Congrats to Jimmie D in the Open. 3rd (Bandit), 4th (Denali), and RJ ( Mercy).


----------



## JKOttman (Feb 3, 2004)

John Daniels said:


> Congrats to Jimmie D in the Open. 3rd (Bandit), 4th (Denali), and RJ ( Bandit).


John, Did Bandit get a third or an RJ? Thanks!


----------



## John Daniels (Jan 1, 2012)

JKOttman said:


> John, Did Bandit get a third or an RJ? Thanks!
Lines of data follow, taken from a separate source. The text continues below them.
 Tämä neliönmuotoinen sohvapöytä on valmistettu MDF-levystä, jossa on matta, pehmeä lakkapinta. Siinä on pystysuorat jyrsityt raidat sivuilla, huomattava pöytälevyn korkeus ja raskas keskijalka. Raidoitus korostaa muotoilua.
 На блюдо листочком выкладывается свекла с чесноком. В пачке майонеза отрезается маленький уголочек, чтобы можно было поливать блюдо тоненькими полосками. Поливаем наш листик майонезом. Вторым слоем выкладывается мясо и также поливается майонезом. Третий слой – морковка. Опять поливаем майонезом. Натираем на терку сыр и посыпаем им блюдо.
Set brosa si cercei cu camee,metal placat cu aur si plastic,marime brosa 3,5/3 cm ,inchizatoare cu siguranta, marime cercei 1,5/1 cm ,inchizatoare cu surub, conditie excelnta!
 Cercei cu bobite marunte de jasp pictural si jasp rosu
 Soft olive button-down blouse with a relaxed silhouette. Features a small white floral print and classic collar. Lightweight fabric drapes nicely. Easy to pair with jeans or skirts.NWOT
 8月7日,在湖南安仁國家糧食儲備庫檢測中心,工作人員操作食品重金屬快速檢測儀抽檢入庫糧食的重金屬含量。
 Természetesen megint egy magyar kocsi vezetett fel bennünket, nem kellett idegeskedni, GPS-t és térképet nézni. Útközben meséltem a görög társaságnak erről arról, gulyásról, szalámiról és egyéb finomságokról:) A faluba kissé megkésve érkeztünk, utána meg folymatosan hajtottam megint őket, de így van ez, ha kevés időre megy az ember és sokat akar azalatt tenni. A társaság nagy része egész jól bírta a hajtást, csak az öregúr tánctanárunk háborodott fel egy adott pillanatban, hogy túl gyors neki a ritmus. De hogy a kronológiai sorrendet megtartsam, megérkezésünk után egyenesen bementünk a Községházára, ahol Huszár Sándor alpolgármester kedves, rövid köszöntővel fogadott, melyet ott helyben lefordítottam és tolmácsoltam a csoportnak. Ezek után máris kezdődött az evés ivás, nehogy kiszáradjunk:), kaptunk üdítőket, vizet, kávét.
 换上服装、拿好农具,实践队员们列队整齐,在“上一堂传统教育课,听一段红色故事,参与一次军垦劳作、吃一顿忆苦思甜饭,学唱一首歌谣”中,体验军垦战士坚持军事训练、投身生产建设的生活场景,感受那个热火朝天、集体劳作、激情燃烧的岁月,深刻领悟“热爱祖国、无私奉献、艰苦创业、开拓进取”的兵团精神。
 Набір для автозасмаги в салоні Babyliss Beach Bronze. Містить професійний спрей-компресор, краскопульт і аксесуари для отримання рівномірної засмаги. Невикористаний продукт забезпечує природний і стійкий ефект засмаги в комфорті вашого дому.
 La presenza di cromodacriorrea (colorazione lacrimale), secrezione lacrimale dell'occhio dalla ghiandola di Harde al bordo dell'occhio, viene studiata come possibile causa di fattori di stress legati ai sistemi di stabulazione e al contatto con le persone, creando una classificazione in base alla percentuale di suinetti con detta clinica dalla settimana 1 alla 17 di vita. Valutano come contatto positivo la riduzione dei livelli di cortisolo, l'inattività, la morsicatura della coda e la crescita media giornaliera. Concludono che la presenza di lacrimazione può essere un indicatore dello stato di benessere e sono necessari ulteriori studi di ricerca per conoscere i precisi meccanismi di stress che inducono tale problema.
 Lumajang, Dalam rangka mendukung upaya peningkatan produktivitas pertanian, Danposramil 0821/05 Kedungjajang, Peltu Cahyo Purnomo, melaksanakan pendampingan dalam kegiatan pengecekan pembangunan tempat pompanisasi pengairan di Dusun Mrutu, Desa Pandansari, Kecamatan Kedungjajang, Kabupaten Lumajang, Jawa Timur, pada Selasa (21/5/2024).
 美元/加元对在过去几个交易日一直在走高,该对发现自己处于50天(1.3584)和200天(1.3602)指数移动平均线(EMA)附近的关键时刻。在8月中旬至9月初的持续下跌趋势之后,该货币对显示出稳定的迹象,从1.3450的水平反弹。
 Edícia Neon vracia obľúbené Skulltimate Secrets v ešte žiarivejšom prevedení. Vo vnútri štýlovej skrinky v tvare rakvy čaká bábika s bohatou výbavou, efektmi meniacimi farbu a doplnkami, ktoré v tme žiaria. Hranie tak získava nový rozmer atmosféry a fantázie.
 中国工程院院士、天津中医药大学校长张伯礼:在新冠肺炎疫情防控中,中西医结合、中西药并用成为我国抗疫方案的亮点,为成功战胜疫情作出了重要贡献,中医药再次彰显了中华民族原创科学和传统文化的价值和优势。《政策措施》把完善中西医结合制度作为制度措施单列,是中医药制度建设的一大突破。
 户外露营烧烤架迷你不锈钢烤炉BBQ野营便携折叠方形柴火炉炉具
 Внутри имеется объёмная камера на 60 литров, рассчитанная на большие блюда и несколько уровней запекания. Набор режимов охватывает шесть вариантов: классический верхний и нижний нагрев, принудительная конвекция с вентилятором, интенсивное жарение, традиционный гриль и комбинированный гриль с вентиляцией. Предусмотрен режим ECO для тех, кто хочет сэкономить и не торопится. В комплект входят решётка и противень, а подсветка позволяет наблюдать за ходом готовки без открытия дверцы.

Sorry about that. I Fixed it. Bandit 3rd and Mercy got RJ.


----------



## SFLabs (Oct 21, 2007)

Congrats to Jeff Saladin and Santa Fe"s Road Rage "Harlee" for the Qual win. Nice job!!


----------



## john h. (Oct 15, 2007)

Aaron Homburg said:


> *Just heard that Huntleighs That's a Winner "Buck" won the Open!!!! Congrats
> to John Hughes and Bruce Ahlers on "Little Bucks" Win!!!!
> Buck is by FC Westwoods Sunday Silence "Buck"!! That makes
> 3 of Bucks offspring with Open wins!!!! Congrats guys!!!
> ...


Thanks, Aaron. Congratulations to Mark Medford who got 2nd with Molly. Also, congratulations to Jimmy Darnell on a great week-end and to all of the jams especially Martha and Lassie.


----------



## captain2560 (Jan 23, 2007)

Congrats to Jeff Saladin on winning the qual and to Dennis and Mary Lou Bath on second in the qual. Good work.


----------



## Fowl Weather (Jan 8, 2009)

Congratulations to Jimmy Darnell and Mark Brashear for an open 4th and an amateur JAM!! 
Congrats to jimmy on an open 3rd and RJ. Nice weekend for team wild wings retrievers.


----------



## john h. (Oct 15, 2007)

Amateur results:
1) True/Mark Medford
2) Gauge/Dr. Bruce Ahlers
3) Lassie/ Martha Blank
4) Ben/ Dr. Bruce Ahlers
RJ Micro/ Tom Bogusky
Jams. John Gianladis and Mark Brashear


----------



## Chris Atkinson (Jan 3, 2003)

Congrats to all! Jeff, I bet you must be on cloud 9! Wowee!

See you in a few weeks.

It's nice to see Trey and Dana have turned out a nice performing pup! Congrats!

Chris


----------



## huntinman (Jun 1, 2009)

captain2560 said:


> Congrats to Jeff Saladin on winning the qual and to Dennis and Mary Lou Bath on second in the qual. Good work.


I'll second that one on both counts! Way to go Jeff and Dennis!


----------